[Data section — start]

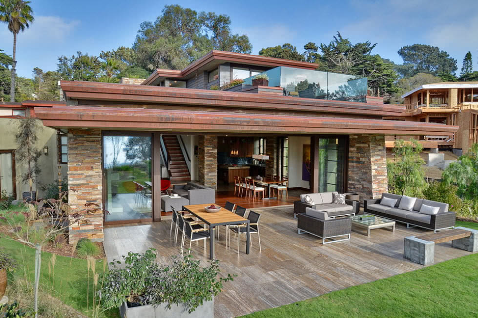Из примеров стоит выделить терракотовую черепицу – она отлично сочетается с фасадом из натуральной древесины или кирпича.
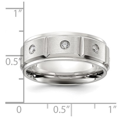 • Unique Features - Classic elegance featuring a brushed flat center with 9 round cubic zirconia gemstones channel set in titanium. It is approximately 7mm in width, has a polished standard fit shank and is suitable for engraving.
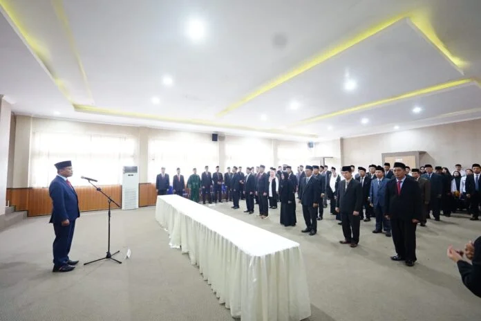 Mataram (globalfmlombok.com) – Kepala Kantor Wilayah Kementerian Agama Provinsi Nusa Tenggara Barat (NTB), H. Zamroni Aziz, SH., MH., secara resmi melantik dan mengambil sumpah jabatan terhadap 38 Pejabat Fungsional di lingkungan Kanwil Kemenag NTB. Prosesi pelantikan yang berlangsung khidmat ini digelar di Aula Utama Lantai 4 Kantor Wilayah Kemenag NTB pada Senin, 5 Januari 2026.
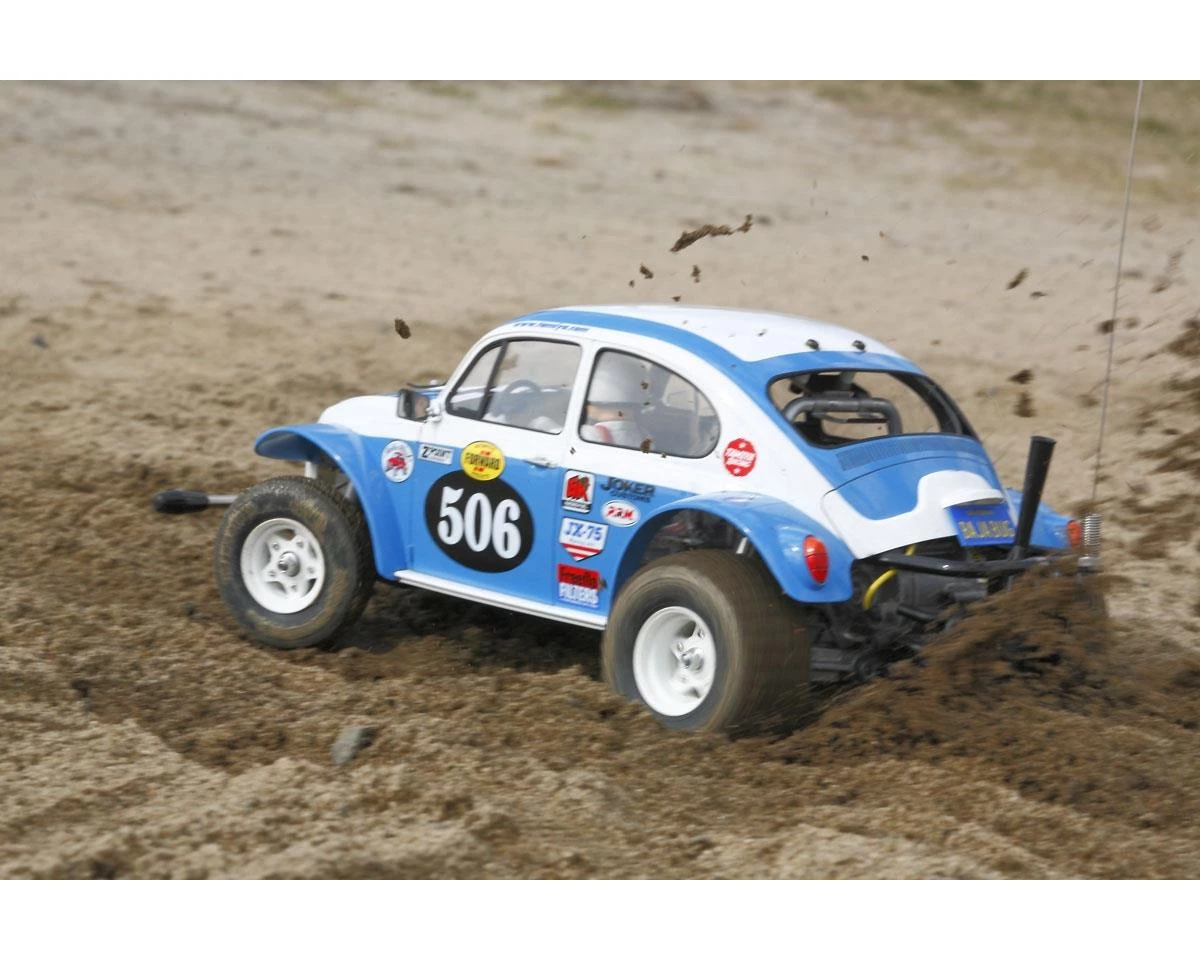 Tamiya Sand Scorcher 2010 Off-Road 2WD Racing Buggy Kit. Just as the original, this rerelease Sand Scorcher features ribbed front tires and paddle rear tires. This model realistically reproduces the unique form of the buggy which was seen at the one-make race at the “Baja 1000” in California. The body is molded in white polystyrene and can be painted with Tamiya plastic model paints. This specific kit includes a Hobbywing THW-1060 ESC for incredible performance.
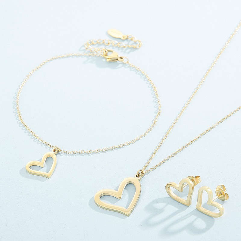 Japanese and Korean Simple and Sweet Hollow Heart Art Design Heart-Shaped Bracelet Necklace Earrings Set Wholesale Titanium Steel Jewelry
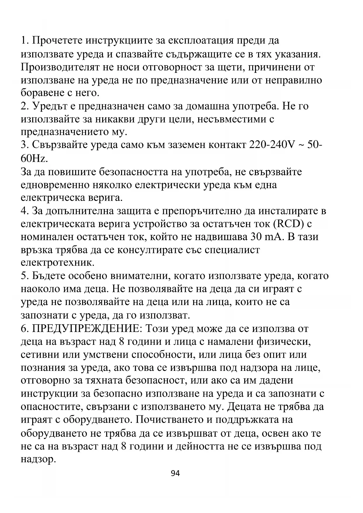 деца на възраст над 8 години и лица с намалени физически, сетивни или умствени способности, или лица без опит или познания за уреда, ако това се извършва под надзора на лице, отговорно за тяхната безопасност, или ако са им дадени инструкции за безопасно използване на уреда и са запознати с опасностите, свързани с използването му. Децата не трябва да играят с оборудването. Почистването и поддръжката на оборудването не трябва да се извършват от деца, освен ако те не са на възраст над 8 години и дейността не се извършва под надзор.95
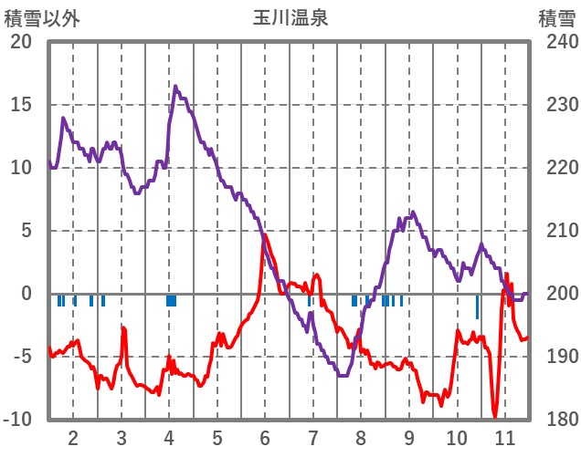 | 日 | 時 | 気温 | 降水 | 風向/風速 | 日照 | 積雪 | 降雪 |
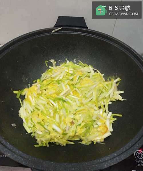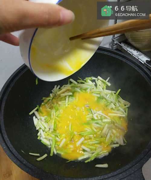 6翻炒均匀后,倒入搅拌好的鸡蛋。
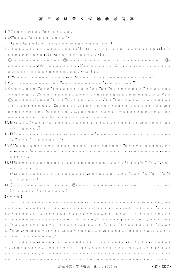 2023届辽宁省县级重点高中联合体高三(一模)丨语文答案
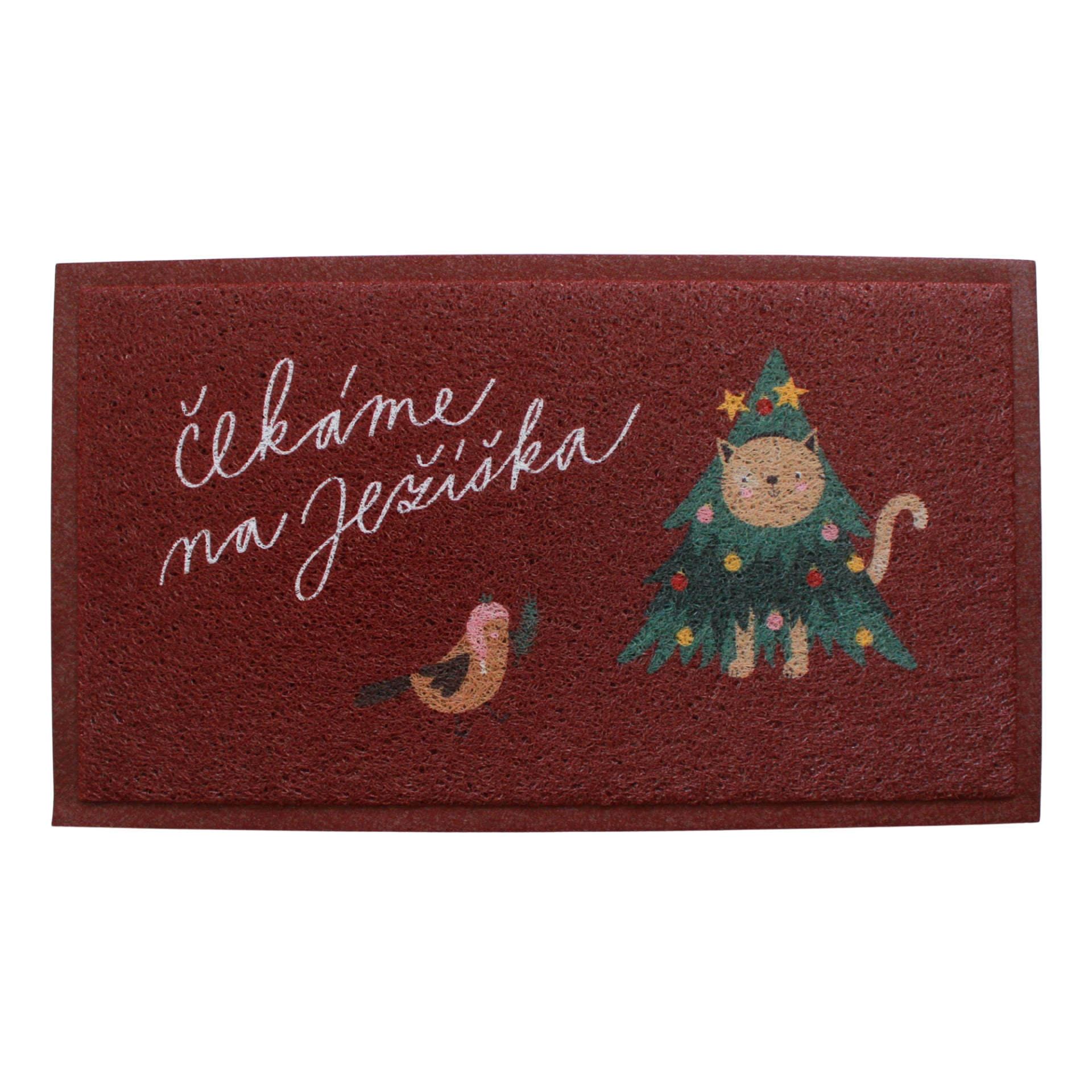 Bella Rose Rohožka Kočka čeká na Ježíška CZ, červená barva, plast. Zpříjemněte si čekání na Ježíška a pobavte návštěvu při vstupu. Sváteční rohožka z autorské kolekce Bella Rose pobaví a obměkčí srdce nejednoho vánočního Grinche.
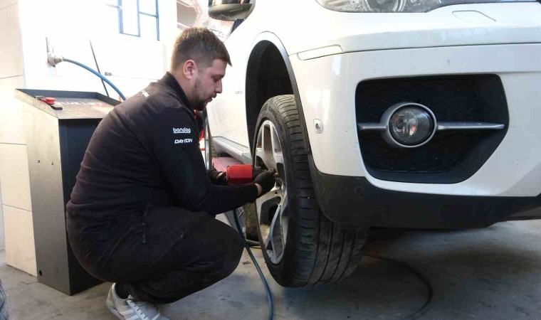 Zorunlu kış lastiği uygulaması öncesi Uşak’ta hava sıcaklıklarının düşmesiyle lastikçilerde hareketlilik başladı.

[Data section — finish]
[Data section — start]

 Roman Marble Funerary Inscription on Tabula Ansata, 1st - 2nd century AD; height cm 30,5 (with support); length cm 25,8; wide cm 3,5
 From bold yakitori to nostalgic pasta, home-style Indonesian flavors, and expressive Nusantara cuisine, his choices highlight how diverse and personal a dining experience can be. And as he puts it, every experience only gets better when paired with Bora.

[Data section — finish]

Your task is to copy only the lines above starting at the one containing "Из примеров стоит" and ending at the one containing "Japanese and Korean". Copy them exactly, both ends included, and omit the pictures.

Из примеров стоит выделить терракотовую черепицу – она отлично сочетается с фасадом из натуральной древесины или кирпича.
 • Unique Features - Classic elegance featuring a brushed flat center with 9 round cubic zirconia gemstones channel set in titanium. It is approximately 7mm in width, has a polished standard fit shank and is suitable for engraving.
 Mataram (globalfmlombok.com) – Kepala Kantor Wilayah Kementerian Agama Provinsi Nusa Tenggara Barat (NTB), H. Zamroni Aziz, SH., MH., secara resmi melantik dan mengambil sumpah jabatan terhadap 38 Pejabat Fungsional di lingkungan Kanwil Kemenag NTB. Prosesi pelantikan yang berlangsung khidmat ini digelar di Aula Utama Lantai 4 Kantor Wilayah Kemenag NTB pada Senin, 5 Januari 2026.
 Tamiya Sand Scorcher 2010 Off-Road 2WD Racing Buggy Kit. Just as the original, this rerelease Sand Scorcher features ribbed front tires and paddle rear tires. This model realistically reproduces the unique form of the buggy which was seen at the one-make race at the “Baja 1000” in California. The body is molded in white polystyrene and can be painted with Tamiya plastic model paints. This specific kit includes a Hobbywing THW-1060 ESC for incredible performance.
 Japanese and Korean Simple and Sweet Hollow Heart Art Design Heart-Shaped Bracelet Necklace Earrings Set Wholesale Titanium Steel Jewelry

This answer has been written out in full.